One of the goals of my new team at LinkedIn is building a brand new platform for front end engineers so that they can deploy new features to production 3 times a day. However, we don't want to just "enable" other teams to deploy to prod daily. We want to automatically deploy. Always.

This is what I find critical in continuous delivery mind shift. Enabling (through automation) to go to production frequently is not enough. A team might be enabled to deploy to prod easily and automatically. However, only when the deployment is regular and automatic (for example: triggered on every push master - like in Mockito) then the change of team's habits, thinking and behavior truly begins. Team that is enabled to continuously deliver differs so much from the team that continuously delivers.
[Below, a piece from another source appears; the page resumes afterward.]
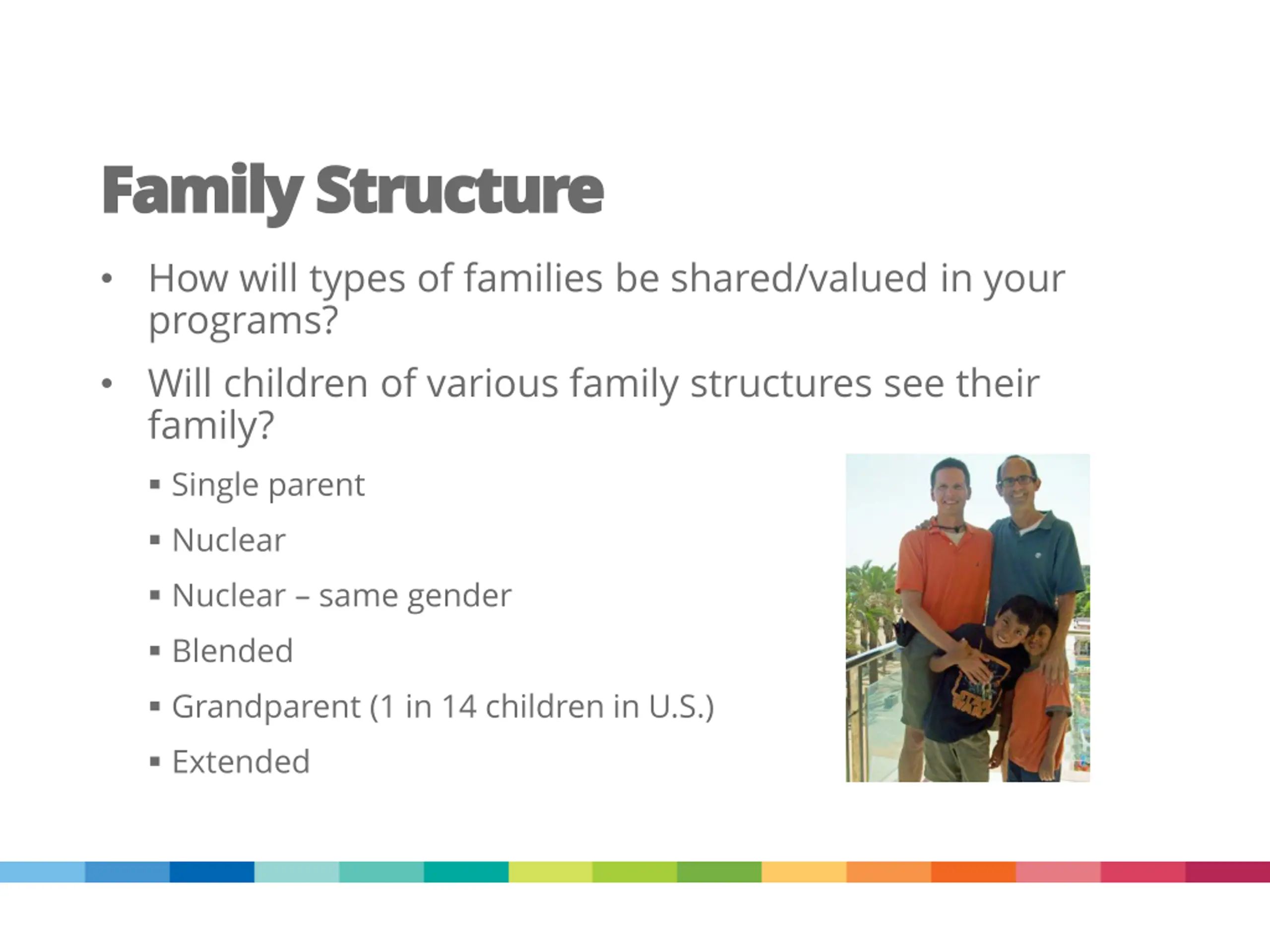 Family Structure Family Structure How will types of families be shared/valued in your programs? Will children of various family structures see their family? Single parent Nuclear Nuclear same gender Blended Grandparent (1 in 14 children in U.S.) Extended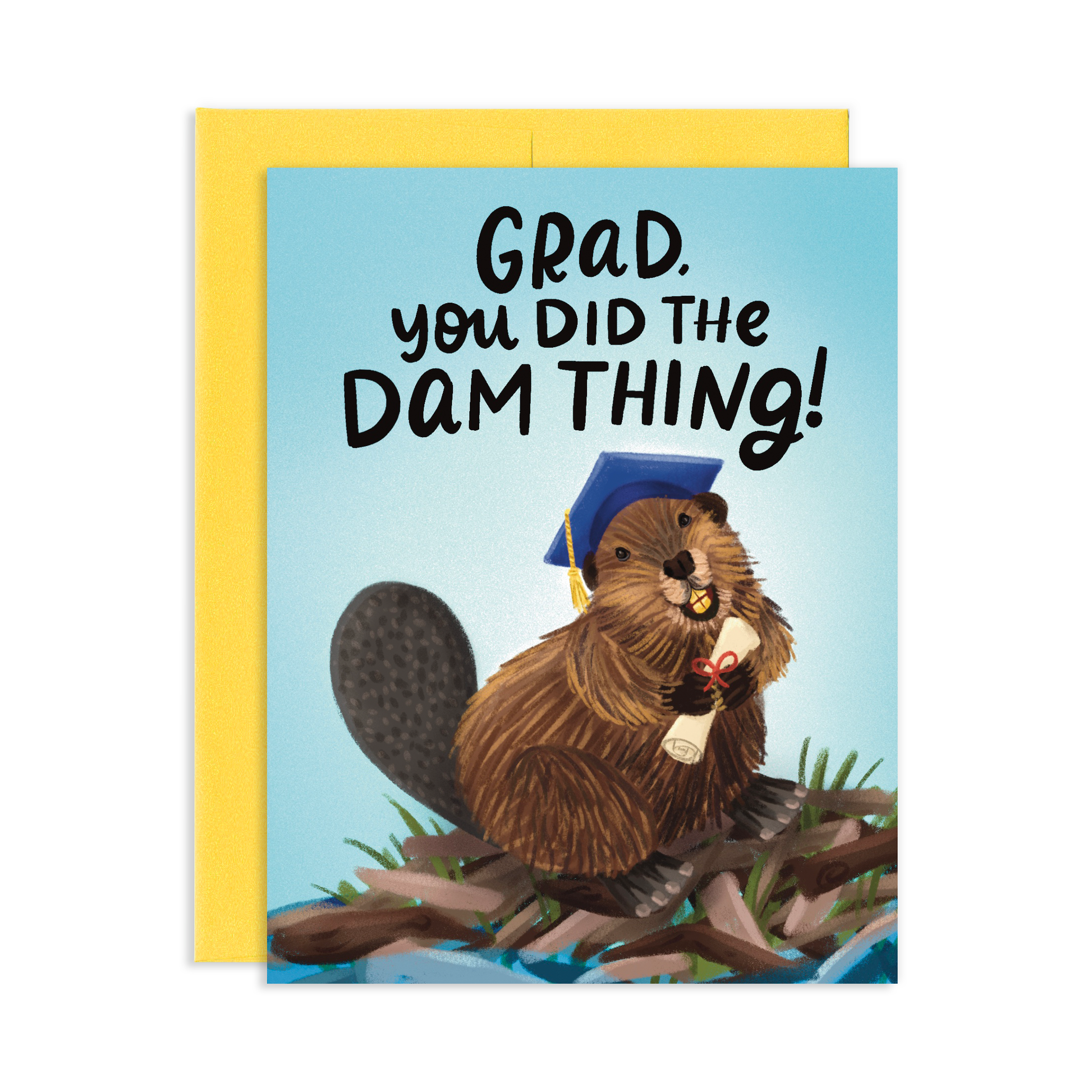 Celebrate your favorite grad with this punny beaver graduation card! Featuring a cute beaver, this card is perfect for the dam achievement of graduating. Give a dam and show your support for the accomplished grad. 🎓🎉

At least, this those are my subjective observations :)

I chatted about it with Peter Niederweiser, the legendary creator of spock test framework. Spock is not continuously deployed at time of writing this post (this will change, right Peter!!!?? :). Publication of new Spock versions is more interesting than Mockito because the former needs to deal with groovy variants (compile, build and run against different groovy runtime, publish artifact variants, etc.). Given the complexity of the build process there is a temptation to automate everything to the point when all artifacts, documentation, release notes can be published via a one click. I'd say it's not enough. Enabling for continuous delivery is simply not as gratifying as doing it all the way through.

It's hard to explain what changes when the team does true continuous delivery. The attitude to a code commit is different. Commit messages get better. Tests are cleaner and deeper, more thoughtful. There is more vigor in battling flaky tests (fact of life: continous delivery == lots of tests == flaky tests). There is more energy to improve the automation even further. To make the automated release notes look better. So on, so on.

I'm on a mission to do continuous and automatic delivery and not merely enable it. I hope I managed to stir you up a bit, too :) Right now I'm lonely at Munich airport waiting for a connecting flight to Krakow. In a week, I'm moving my family over to Santa Clara CA. I got pretty agitated writing this post, hopefully the content makes sense. Keep in mind that it's my subjective experience.